This invention relates in general to alerting devices employed in a system for alerting one or some of a large number of persons from a central paging station. In practice, for example, a caller of such a person may reach the central station by telephone, and the paging station may signal to the person via a radio common carrier (RCC) link. The invention thus relates more particularly, by way of example, to personal paging devices which can be carried on the person of a user, for response to space-transmitted calling signals such as radio waves. Alerting signals provided by such devices may be audible, visible or tactual (e.g.: vibratory), and alerting devices are known which give the user a choice of one or more alerting modes. Whatever alerting mode or modes are employed in a particular alerting device, the user must be wearing the alerting device, or at least be sufficiently close to it to perceive the alerting signal, in order for the alerting device to accomplish its purpose. This invention is addressed to situations in which a user of an alerting device which is energized to receive calling signals nevertheless fails for one reason or another to perceive an alerting signal that is provided by the device in response to a calling signal.
In the art of paging persons by means of portable alerting devices, such as radio receivers carried on the person that are responsive to an assigned carrier frequency, it is known to modulate the carrier with a sequence of calling frequencies, or "tones," for the purpose of signalling to subscribers with unique combinations of tones, for example, to address a particular subscriber, or to broadcast a particular message. A known two-tone paging system uses two tones selected in a coded sequence from an array of available tones. In another system, five tones are sent out (i.e.: modulate the carrier) in a coded sequence, but the number of tones used in a given coded sequence is not critical. In any system, each individual receiver is responsive to a selected one or few of all the possible useful codes. In a five tone paging system which is in common use, each tone last 33 milliseconds, and there is a 35 millisecond gap between pages, resulting in (5 .times. 33) + 35 = 200 milliseconds for a complete page. Such a 5-tone paging system allows five pages per second. Thus, an alerting device in such a system has one-fifth of a second to receive a calling or paging signal and to provide an alerting signal in response to it. The alerting signal can, however, have a duration which is independent of the duration of the paging signal.

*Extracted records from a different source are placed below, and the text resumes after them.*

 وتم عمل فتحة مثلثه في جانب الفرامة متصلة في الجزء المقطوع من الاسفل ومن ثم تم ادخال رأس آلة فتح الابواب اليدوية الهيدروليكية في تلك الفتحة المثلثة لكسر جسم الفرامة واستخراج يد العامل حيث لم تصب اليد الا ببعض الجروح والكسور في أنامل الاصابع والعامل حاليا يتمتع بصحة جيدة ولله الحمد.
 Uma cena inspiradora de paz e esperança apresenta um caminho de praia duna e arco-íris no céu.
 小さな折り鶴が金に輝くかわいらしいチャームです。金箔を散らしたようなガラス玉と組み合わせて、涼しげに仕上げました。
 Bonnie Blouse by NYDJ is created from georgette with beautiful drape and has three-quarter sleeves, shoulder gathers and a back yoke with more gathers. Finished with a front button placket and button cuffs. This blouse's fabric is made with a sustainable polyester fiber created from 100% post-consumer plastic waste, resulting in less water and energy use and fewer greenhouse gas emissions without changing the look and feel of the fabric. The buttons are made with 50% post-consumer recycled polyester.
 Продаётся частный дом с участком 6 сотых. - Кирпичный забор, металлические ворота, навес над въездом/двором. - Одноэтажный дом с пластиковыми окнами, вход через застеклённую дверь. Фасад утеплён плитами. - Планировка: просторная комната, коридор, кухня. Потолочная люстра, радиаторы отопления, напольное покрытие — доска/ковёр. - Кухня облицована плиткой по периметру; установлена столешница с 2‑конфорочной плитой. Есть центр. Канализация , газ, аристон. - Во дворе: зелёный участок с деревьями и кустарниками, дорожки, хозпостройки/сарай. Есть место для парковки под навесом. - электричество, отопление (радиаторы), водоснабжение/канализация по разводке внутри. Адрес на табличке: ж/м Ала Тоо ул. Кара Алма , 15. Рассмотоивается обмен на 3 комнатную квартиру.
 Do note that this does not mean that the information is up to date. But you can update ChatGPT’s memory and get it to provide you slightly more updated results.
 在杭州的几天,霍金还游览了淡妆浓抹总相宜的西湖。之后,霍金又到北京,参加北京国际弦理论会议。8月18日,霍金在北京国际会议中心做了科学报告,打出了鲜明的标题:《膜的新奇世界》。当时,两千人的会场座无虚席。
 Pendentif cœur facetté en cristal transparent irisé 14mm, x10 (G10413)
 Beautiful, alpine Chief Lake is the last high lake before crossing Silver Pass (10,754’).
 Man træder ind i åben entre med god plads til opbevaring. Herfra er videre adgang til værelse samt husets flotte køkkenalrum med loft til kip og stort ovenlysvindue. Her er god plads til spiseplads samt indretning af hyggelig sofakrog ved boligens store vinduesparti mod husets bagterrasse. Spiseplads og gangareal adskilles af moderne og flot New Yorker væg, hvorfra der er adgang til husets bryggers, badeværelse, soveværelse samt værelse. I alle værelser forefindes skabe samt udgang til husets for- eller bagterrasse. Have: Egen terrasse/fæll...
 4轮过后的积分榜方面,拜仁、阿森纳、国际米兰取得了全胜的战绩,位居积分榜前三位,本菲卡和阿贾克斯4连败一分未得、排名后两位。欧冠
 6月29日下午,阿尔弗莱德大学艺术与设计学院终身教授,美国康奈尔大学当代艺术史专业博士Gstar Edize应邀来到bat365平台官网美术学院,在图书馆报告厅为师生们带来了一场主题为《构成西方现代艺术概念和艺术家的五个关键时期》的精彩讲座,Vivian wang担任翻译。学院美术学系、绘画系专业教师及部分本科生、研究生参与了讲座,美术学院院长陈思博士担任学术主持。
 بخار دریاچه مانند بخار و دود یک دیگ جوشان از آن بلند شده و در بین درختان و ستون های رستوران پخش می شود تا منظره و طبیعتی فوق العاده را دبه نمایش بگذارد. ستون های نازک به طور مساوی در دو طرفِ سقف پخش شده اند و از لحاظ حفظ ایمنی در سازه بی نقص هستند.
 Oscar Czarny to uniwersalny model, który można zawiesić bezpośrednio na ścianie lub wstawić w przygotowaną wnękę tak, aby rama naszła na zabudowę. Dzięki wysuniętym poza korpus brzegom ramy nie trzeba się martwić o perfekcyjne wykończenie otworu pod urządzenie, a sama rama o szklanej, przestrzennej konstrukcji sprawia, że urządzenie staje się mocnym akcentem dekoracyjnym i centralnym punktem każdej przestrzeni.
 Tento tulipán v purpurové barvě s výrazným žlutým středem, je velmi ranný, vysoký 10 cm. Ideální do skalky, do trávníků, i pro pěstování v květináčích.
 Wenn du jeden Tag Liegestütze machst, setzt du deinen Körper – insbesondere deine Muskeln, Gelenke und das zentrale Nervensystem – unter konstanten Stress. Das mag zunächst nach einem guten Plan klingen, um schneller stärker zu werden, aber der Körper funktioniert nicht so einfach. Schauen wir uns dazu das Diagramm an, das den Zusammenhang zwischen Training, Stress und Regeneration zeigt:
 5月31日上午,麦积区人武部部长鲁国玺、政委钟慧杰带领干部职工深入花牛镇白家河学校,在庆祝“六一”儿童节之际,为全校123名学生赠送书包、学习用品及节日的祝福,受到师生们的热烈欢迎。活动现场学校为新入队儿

It is known according to U.S. Pat. No. 3,742,481 to disable an audio calling device in a radio pager, and to store the calling information so that it can be reproduced when desired. In the system of that patent this feature is used when the user does not wish to be disturbed or to cause a disturbance when the pager is alerted. When this feature is used, the pager is on, but will not emit an alerting signal. When the need for silence has passed, the pager is reset, and the alerting signal is furnished if a call has been received during the silent period. A practical defect of that system is that the user may forget to reset the pager to the condition for emitting an alerting signal in response to a calling signal, and when that happens the alerting device becomes useless, in a practical sense. The purpose of establishing a RCC link, which is to reach its subscribers with a minimum of delay, is thereby frustrated, and a user who forgets to reset a pager from the stored information mode to the alerting mode might just as well limit his or her interest to a telephone answering service. Understandably, operators of RCC Paging Networks and those offering similar services prefer not to supply their subscribers with devices that have the capability to frustrate the service intended to be rendered, and there is a requirement for an alerting device which is more reliable from a system-servive point of view.